--- Dataset excerpts ---

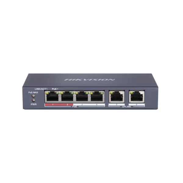Switch Hikvision DS-3E0106P-E-M, Switching capacity 1.6 Gbps, 4 x 10/100Mbps PoE ports, and and 2 × 10/100Mbps RJ45 ports, MAC address table 4 K, PoE power budget 35 W, Internal cache 768 Kbits, 6 KV surge protection for PoE ports, Up to 300 m long-range transmission, dimensiuni: 145 mm × 68.45 mm × 25.6 mm, temperatura de functionare: - 10°C to 40°C, greutate :0.52Kg.
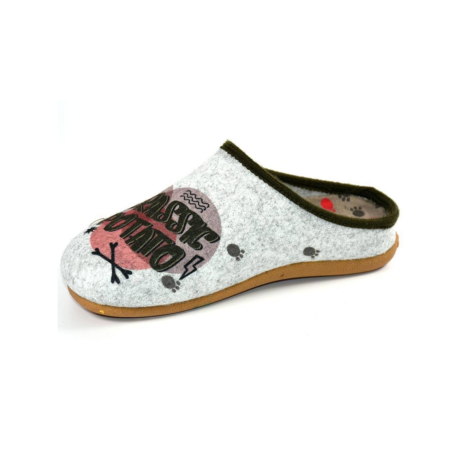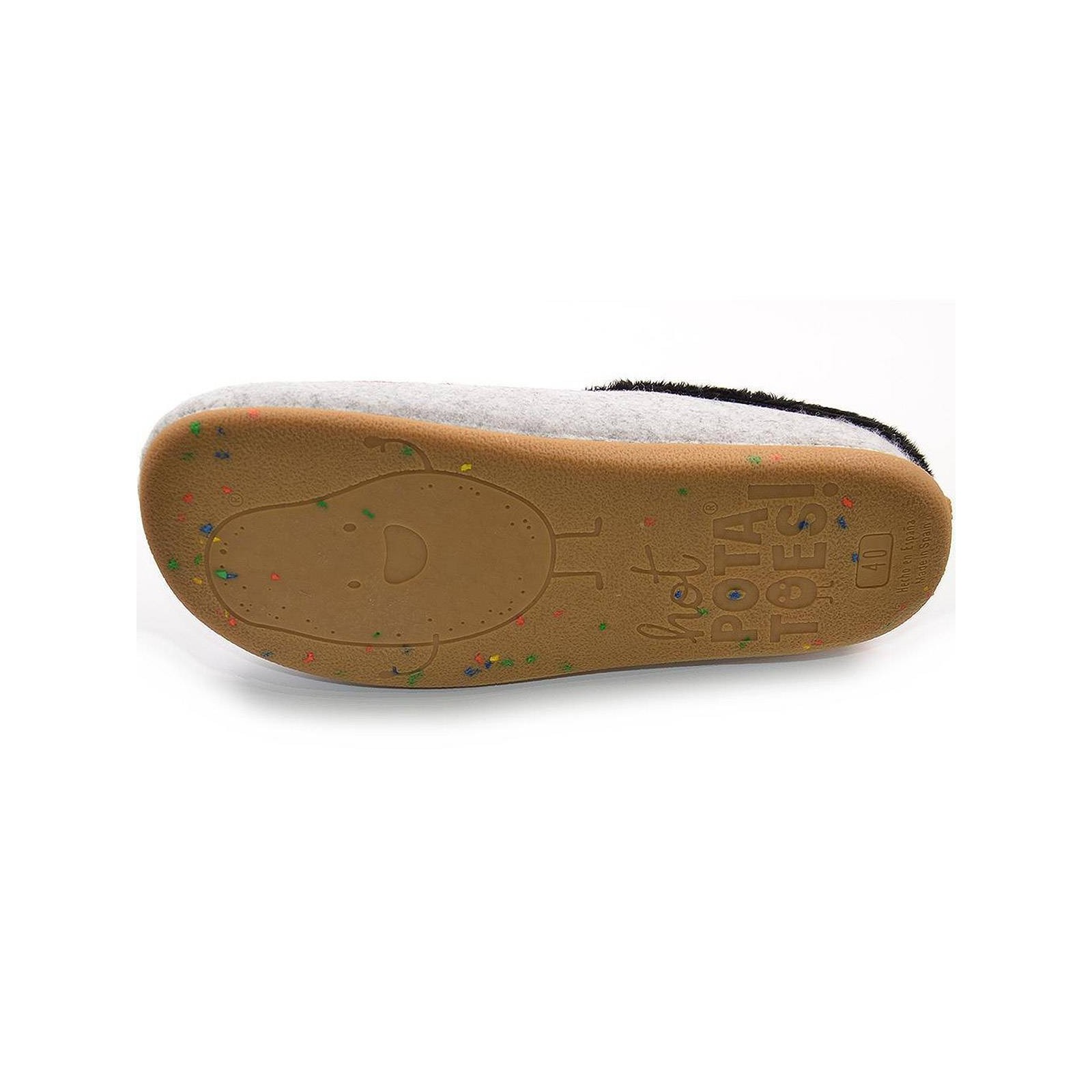 EFERDING hot POTATOES!. Zapatillas de estar por casa tipo babucha, corte estampado de fieltro PET reciclado y planta afelpada de tejido poliéster suave. Plantilla extraíble de espuma poliuretano 100% reciclado y suela de caucho natural. Diseñadas para los pies más divertidos y atrevidos.
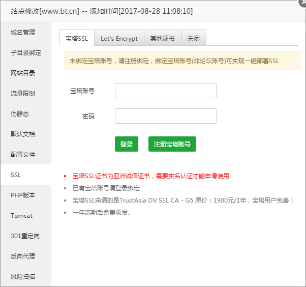 申请之前,请确保域名已解析,如未解析会导致审核失败,宝塔SSL申请的是免费版TrustAsia DV SSLCA – G5证书,仅支持单个域名申请,有效期1年,不支持续签,到期后需要重新申请。
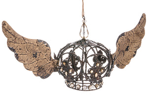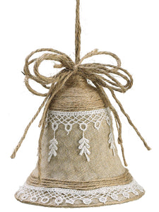 5.25" Burlap Lace Rhinestone Bell Ornament Natural White (pack of 12)
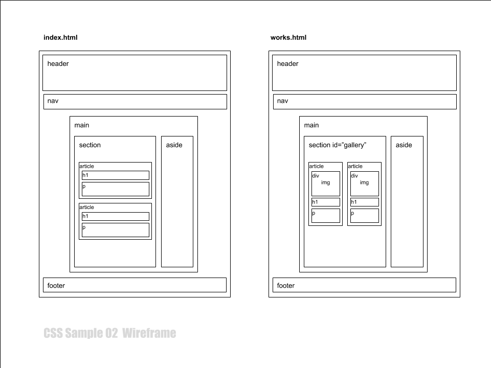 1つのCSSで全てのページを制御するという前提に立てば、全てのページでHTMLの基本構造が同一であることが必要です。このサンプルでは、標準ページ(index.html)のレイアウトに対する、例外ページ(works.html)のレイアウトを、IDの追加と、追加のCSSを書く方法で実現しています。HTMLの構造をワイヤーフレームで比較すると右のようになります。section の部分に IDを追加しただけです。
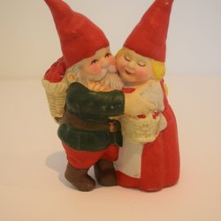 Tomtepar i någon form av ihålig lätt keramik/gips. Vid fötterna ska deg se ut som iskristaller och de skräpar lite lätt. 30cm höga och 20cm bredd i botten. Väger ca 1,3 kg
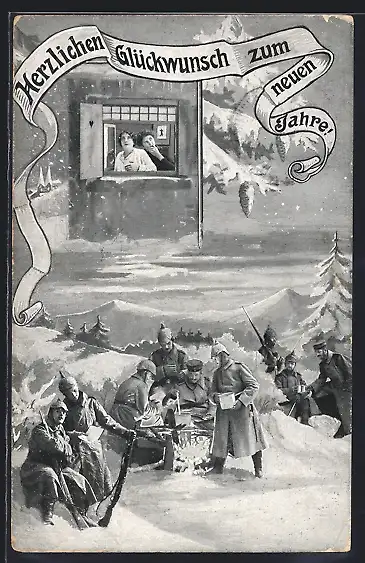 AK Soldaten im verschneiten Feld feiern Neujahr
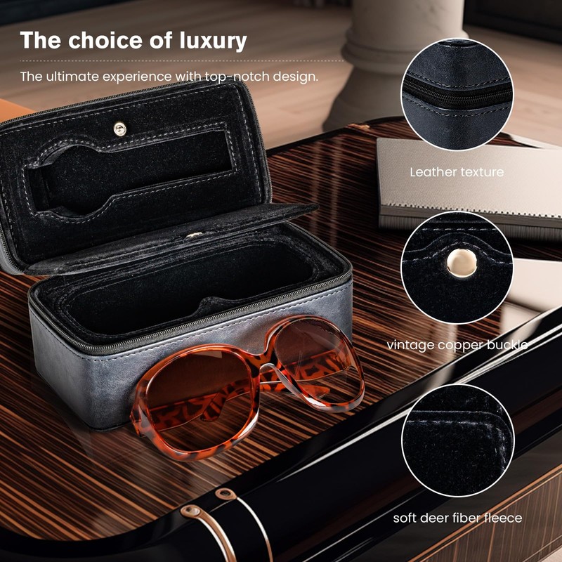 - MATERIAL: The outside of this watch sunglasses case is made of smooth leather with a cross grain texture on the outside. The storage box feels delicate and is easy to clean. The inside is made of suede material, which is soft, smooth and thin and feels good. The elegant workmanship and high-quality materials protect your accessories from dust.
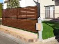 既存の生垣を撤去し、替わりに目隠しフェンスを設置しました。2段支柱を採用することで高さを確保し、しっかりとプライバシーを守りながらも横スリット入りデザインのため圧迫感を与えません。木目調の横板とブラックカラーのフレームの組み合わせで、モダンで洗練された仕上がりとなりました。主庭には防草シートと人工芝を敷き、雑草の発生を防ぎながらメンテナンスの手間を軽減。季節を問わず美しい緑の景観を楽しめる、快適な空間の完成です。
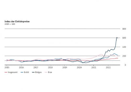 Den hohen Anstieg im Bereich der Energieeinfuhren führt Destatis weiterhin auf die starken Preissteigerung bei importiertem Erdgas zurück. Der Preis für nach Deutschland eingeführtes Erdgas war im September dieses Jahres mit einem Plus von 252

---

* **Requirement**
Excluding all pictures, print exactly and only the lines from the line with "既存の生垣を撤去し、替わりに" through the end of the records above, both ends included.

* **Response area**
 既存の生垣を撤去し、替わりに目隠しフェンスを設置しました。2段支柱を採用することで高さを確保し、しっかりとプライバシーを守りながらも横スリット入りデザインのため圧迫感を与えません。木目調の横板とブラックカラーのフレームの組み合わせで、モダンで洗練された仕上がりとなりました。主庭には防草シートと人工芝を敷き、雑草の発生を防ぎながらメンテナンスの手間を軽減。季節を問わず美しい緑の景観を楽しめる、快適な空間の完成です。
 Den hohen Anstieg im Bereich der Energieeinfuhren führt Destatis weiterhin auf die starken Preissteigerung bei importiertem Erdgas zurück. Der Preis für nach Deutschland eingeführtes Erdgas war im September dieses Jahres mit einem Plus von 252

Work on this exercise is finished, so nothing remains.